> Work to be completed
For the material below, output exactly the span from the line with "江西新余粮食产业园二期油脂项目中标结果公示" to the line with "Torba z naszywką", including both, and nothing besides.

> Source information
--- --- ---

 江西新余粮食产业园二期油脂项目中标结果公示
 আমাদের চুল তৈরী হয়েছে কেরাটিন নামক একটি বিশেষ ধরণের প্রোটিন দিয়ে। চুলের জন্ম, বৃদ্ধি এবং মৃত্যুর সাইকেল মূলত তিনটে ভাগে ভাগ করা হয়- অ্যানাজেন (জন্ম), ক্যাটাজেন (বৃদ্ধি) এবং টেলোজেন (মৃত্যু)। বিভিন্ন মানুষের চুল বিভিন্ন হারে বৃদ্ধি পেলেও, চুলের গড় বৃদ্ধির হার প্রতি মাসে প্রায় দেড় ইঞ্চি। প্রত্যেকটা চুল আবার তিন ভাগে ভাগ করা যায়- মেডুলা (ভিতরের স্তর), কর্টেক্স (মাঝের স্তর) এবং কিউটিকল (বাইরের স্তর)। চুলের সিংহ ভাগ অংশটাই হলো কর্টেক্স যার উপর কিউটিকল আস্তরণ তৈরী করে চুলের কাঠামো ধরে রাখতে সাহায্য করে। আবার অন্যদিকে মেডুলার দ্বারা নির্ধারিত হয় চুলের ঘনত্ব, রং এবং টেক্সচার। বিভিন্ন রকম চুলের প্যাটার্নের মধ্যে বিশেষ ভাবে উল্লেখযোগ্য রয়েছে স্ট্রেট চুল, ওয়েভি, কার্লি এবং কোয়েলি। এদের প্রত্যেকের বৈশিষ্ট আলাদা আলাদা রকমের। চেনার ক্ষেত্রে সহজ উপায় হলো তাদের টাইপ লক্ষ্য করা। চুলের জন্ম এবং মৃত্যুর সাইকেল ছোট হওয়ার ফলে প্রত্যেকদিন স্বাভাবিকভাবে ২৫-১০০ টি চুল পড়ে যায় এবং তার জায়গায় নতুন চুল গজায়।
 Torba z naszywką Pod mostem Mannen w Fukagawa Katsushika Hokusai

--- --- ---

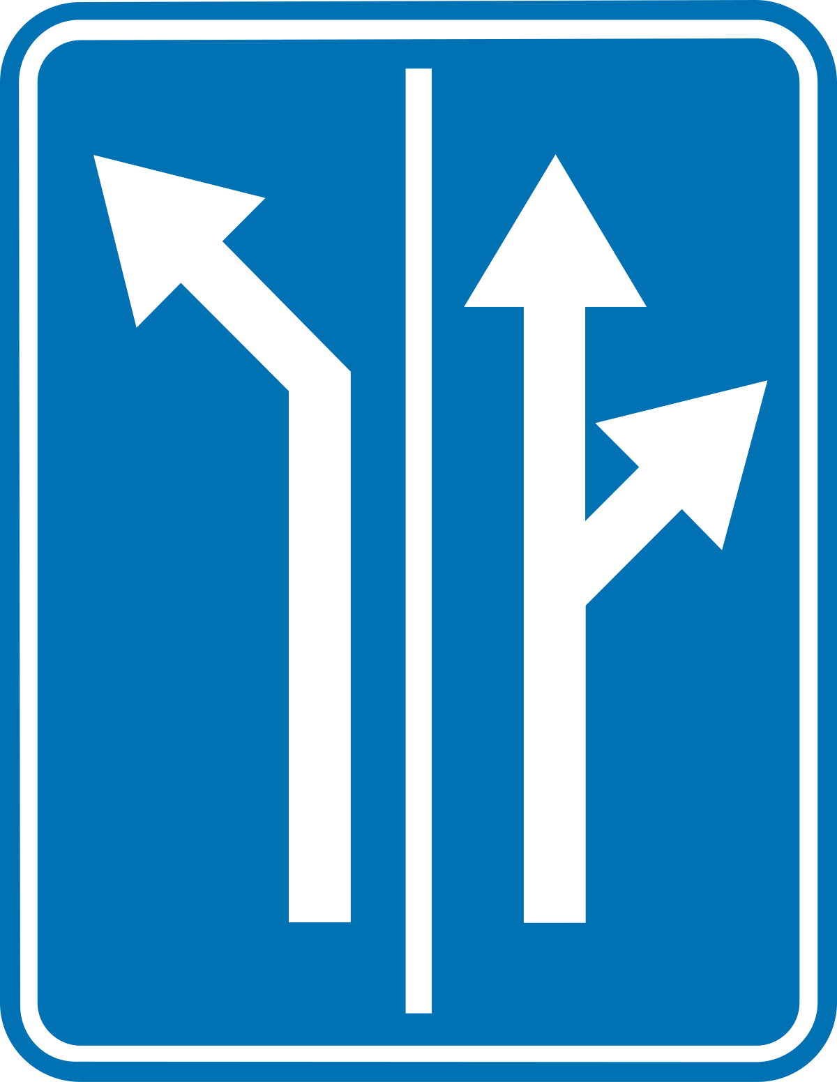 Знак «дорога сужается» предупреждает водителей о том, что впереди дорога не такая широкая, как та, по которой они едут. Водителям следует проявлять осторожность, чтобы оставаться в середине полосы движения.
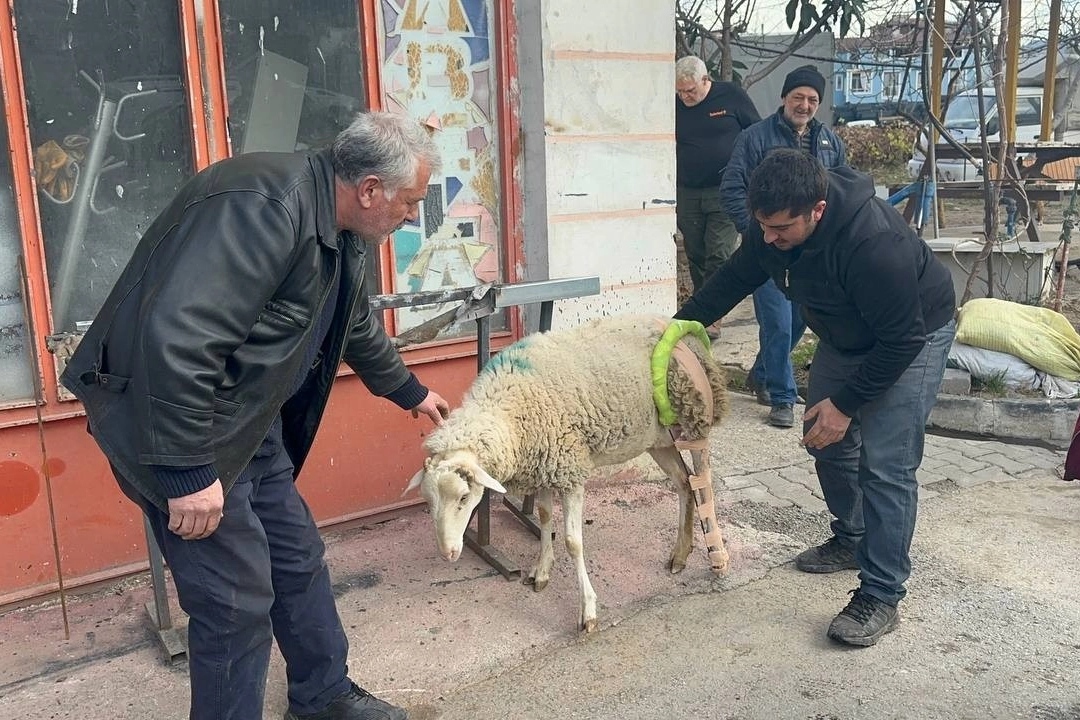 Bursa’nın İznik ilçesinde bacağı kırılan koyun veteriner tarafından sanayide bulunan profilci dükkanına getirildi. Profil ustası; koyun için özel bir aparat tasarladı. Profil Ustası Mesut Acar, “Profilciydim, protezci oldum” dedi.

--- --- ---

> Solution below
 江西新余粮食产业园二期油脂项目中标结果公示
 আমাদের চুল তৈরী হয়েছে কেরাটিন নামক একটি বিশেষ ধরণের প্রোটিন দিয়ে। চুলের জন্ম, বৃদ্ধি এবং মৃত্যুর সাইকেল মূলত তিনটে ভাগে ভাগ করা হয়- অ্যানাজেন (জন্ম), ক্যাটাজেন (বৃদ্ধি) এবং টেলোজেন (মৃত্যু)। বিভিন্ন মানুষের চুল বিভিন্ন হারে বৃদ্ধি পেলেও, চুলের গড় বৃদ্ধির হার প্রতি মাসে প্রায় দেড় ইঞ্চি। প্রত্যেকটা চুল আবার তিন ভাগে ভাগ করা যায়- মেডুলা (ভিতরের স্তর), কর্টেক্স (মাঝের স্তর) এবং কিউটিকল (বাইরের স্তর)। চুলের সিংহ ভাগ অংশটাই হলো কর্টেক্স যার উপর কিউটিকল আস্তরণ তৈরী করে চুলের কাঠামো ধরে রাখতে সাহায্য করে। আবার অন্যদিকে মেডুলার দ্বারা নির্ধারিত হয় চুলের ঘনত্ব, রং এবং টেক্সচার। বিভিন্ন রকম চুলের প্যাটার্নের মধ্যে বিশেষ ভাবে উল্লেখযোগ্য রয়েছে স্ট্রেট চুল, ওয়েভি, কার্লি এবং কোয়েলি। এদের প্রত্যেকের বৈশিষ্ট আলাদা আলাদা রকমের। চেনার ক্ষেত্রে সহজ উপায় হলো তাদের টাইপ লক্ষ্য করা। চুলের জন্ম এবং মৃত্যুর সাইকেল ছোট হওয়ার ফলে প্রত্যেকদিন স্বাভাবিকভাবে ২৫-১০০ টি চুল পড়ে যায় এবং তার জায়গায় নতুন চুল গজায়।
 Torba z naszywką Pod mostem Mannen w Fukagawa Katsushika Hokusai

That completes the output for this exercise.